The Bigot Pavilion at the 1900 World’s Fair and its journey to Budapest
Photographs of the 1900 Exposition Universelle (World’s Fair) pavilion, designed by architect Jules Lavirotte (1864-1924), show that it was comprised of many types of decorative architectural stoneware: a columned portico surmounted by an elaborate cornice; a life-size window facade for a house, complete with columns supporting a balustrade; lintels, floor and wall tiles, and a staircase railing.
Most of the architectural elements used in the pavilion assembled for the Fair were designed for two buildings by Lavirotte (which are still standing in the seventh district of Paris).
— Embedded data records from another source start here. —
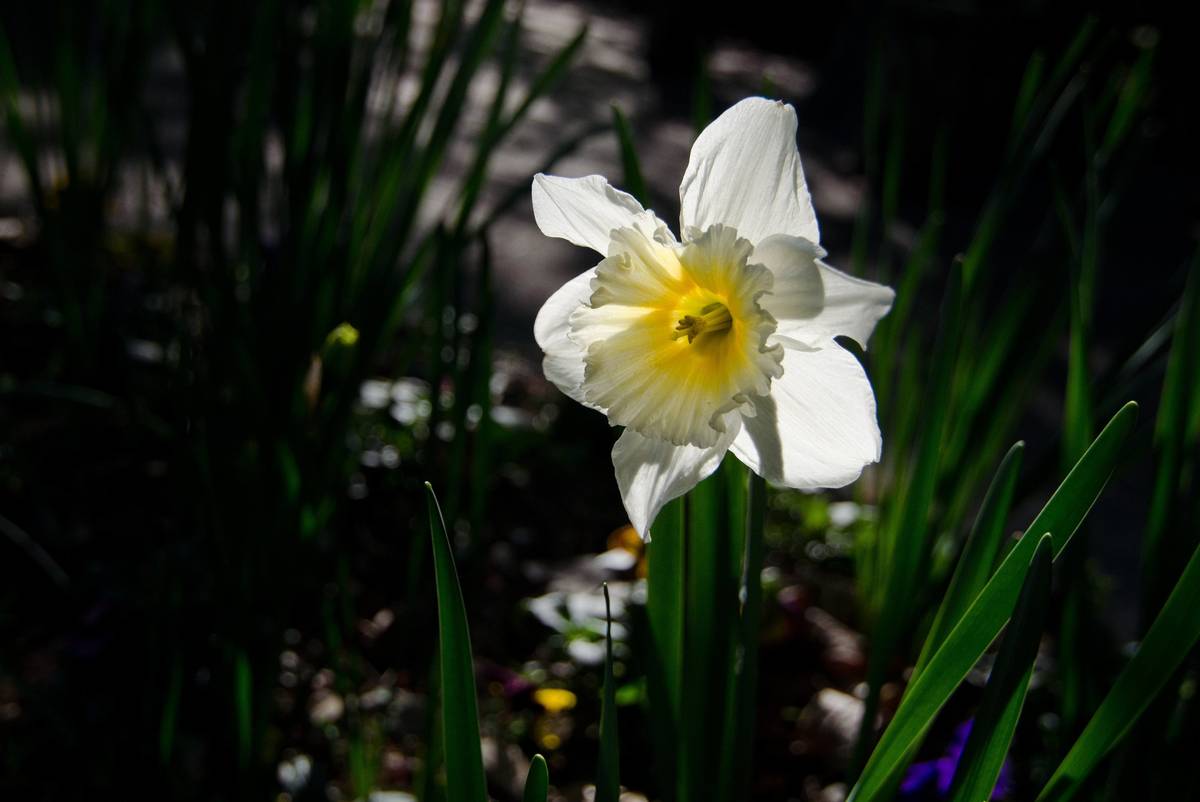春天早晨的陽光透射過水仙花瓣,給人煥然一新的感覺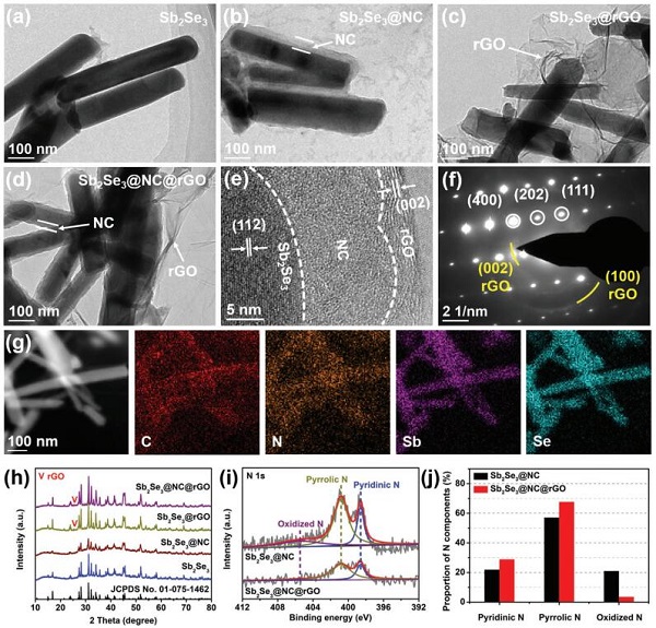 (a-d)裸露的Sb2Se3纳米棒、Sb2Se3@NC、Sb2Se3@rGO和Sb2Se3@NC@rGO的TEM图像;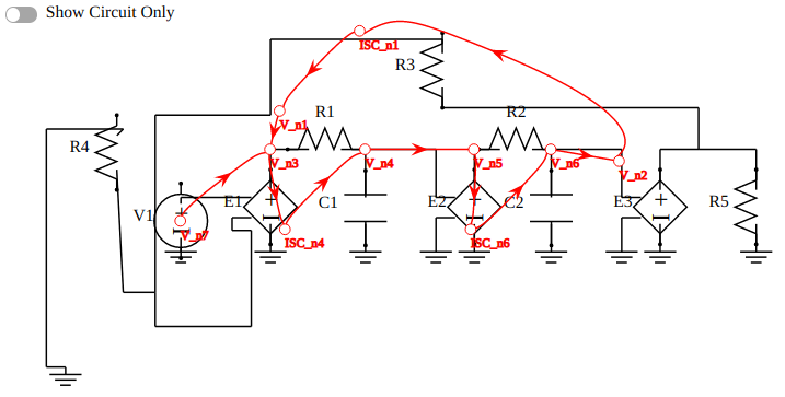The function of the Circuit Schematic Visualizer is to render each circuit component at predefined positions and orientations. Separate sub-modules were created for each unique component including: resistor, capacitor, dependent/independent voltage & current sources, wires, and ground nodes. The SFG Overlay solves the curve-generation problem by employing a heuristical variation of Bézier curves, a polynomial interpolation technique where a curve is procedurally generated based on a set of predefined control points. |
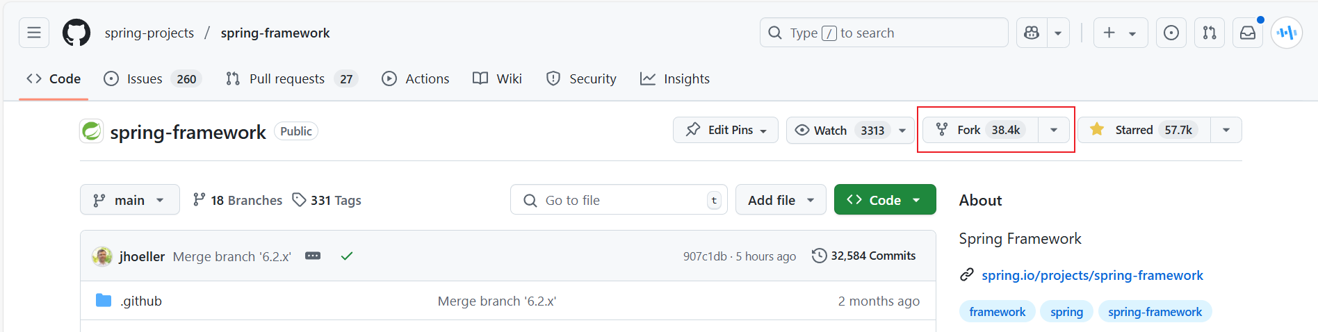 注册Github账号,打开Spring Framework代码仓库,点击Fork,将项目源码Fork到自己的仓库中。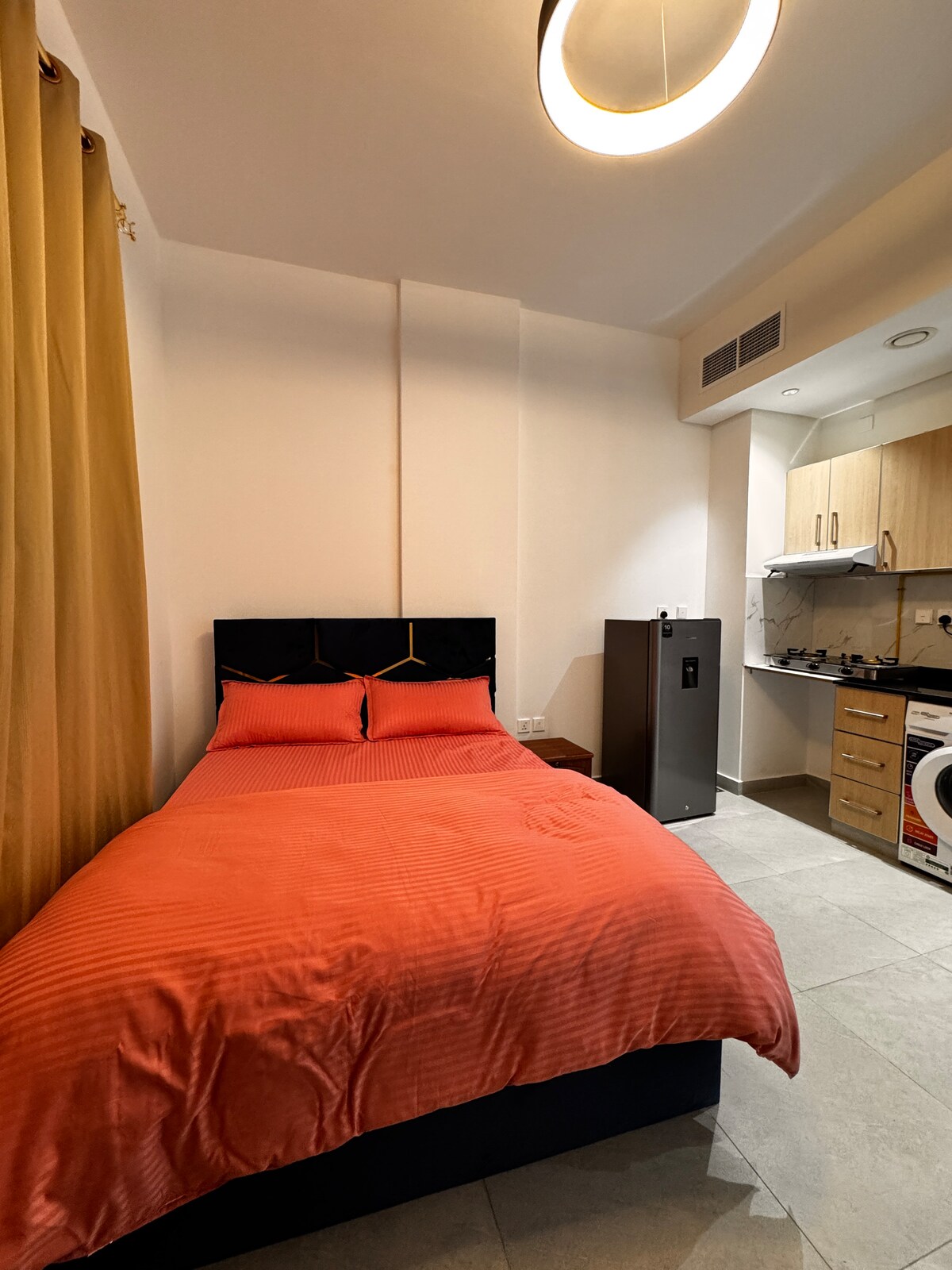 This elegant studio, located in a newly built tower in the heart of the city, offers new and modern furnishings for a comfortable stay. Enjoy the skyline views from the large windows and prepare your favorite meals in the fully equipped kitchen. Security is guaranteed 24/7, allowing you to relax without worries. Just steps away from attractions, restaurants and shopping malls, this studio is the perfect base from which to explore Dubai. Book Now

The entrance gate to the Fair was also decorated with a decorative frieze by Bigot, elements of which were also reproduced for the pavilion.
At the Fair itself, the Museum of Applied Arts acquired an outstanding collection of objects (primarily works of French Art Nouveau) selected by its Director Jenő Radisics. The most expensive purchase was Bigot and Lavirotte’s pavilion. The production cost alone of its elements was estimated to be 20,000 francs. After bargaining, the purchase price was reduced to 5000 francs. The representative of the museum in France, Louis Delamarre-Didot, was instrumental in arranging the purchase. As the building of the Museum of Applied Arts, completed in 1896, is a prime example for the use of architectural ceramics in Hungary, it is natural that Bigot’s technical innovations drew Radisics’s interest.
The total weight of the Bigot pavilion was 12,680 kilograms, therefore its transportation required considerable organisation. The pavilion elements were dismantled in November 1900 and the ensemble was sent to Budapest by train on 13 December 1901. Two days later, Radisics informed the Bigot company in writing that all the ceramics had arrived intact.
The purchase of the Bigot Pavilion in its entirety was perhaps the greatest feat of Jenő Radisics’s long tenure as Director of the museum. From the time of its purchase until recently, only discrete elements of the Bigot acquisition had ever been displayed in Budapest. This changed in 2013 when the acquisition was exhibited in its entirety at an exhibition dedicated to Bigot. Further examples of Bigot’s architectural ceramics can be seen online in the collections database of the Museum of Applied Arts, as well as in Europeana.